• Task directions: Your answer should hold exactly the lines below from the line with "Peter Pan Collar Shirt with Navy Cardigan" through the line with "By Glyn Ford", both included, and no pictures at all.

• Information supplied:
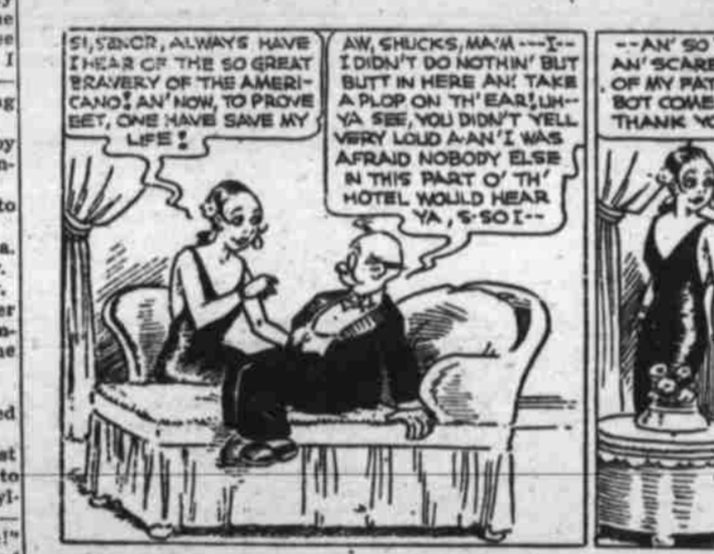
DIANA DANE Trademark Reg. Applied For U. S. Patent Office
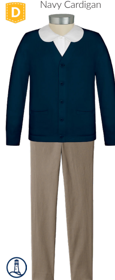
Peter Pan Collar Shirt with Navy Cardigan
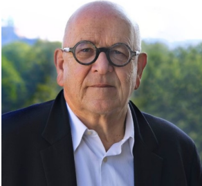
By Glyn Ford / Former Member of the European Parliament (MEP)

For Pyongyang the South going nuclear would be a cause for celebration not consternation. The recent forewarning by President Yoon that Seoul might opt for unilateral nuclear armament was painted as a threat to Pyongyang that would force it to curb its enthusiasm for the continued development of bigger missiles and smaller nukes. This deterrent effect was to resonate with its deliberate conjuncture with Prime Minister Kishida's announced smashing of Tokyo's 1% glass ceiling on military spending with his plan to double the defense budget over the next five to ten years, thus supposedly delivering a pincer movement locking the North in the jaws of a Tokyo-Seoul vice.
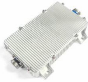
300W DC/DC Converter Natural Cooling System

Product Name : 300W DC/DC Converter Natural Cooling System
==
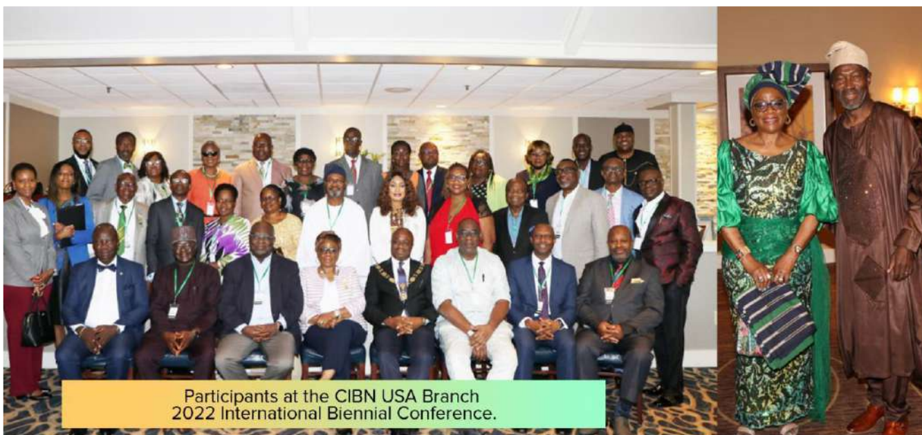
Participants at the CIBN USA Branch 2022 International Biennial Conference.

• Reply:
Peter Pan Collar Shirt with Navy Cardigan
By Glyn Ford / Former Member of the European Parliament (MEP)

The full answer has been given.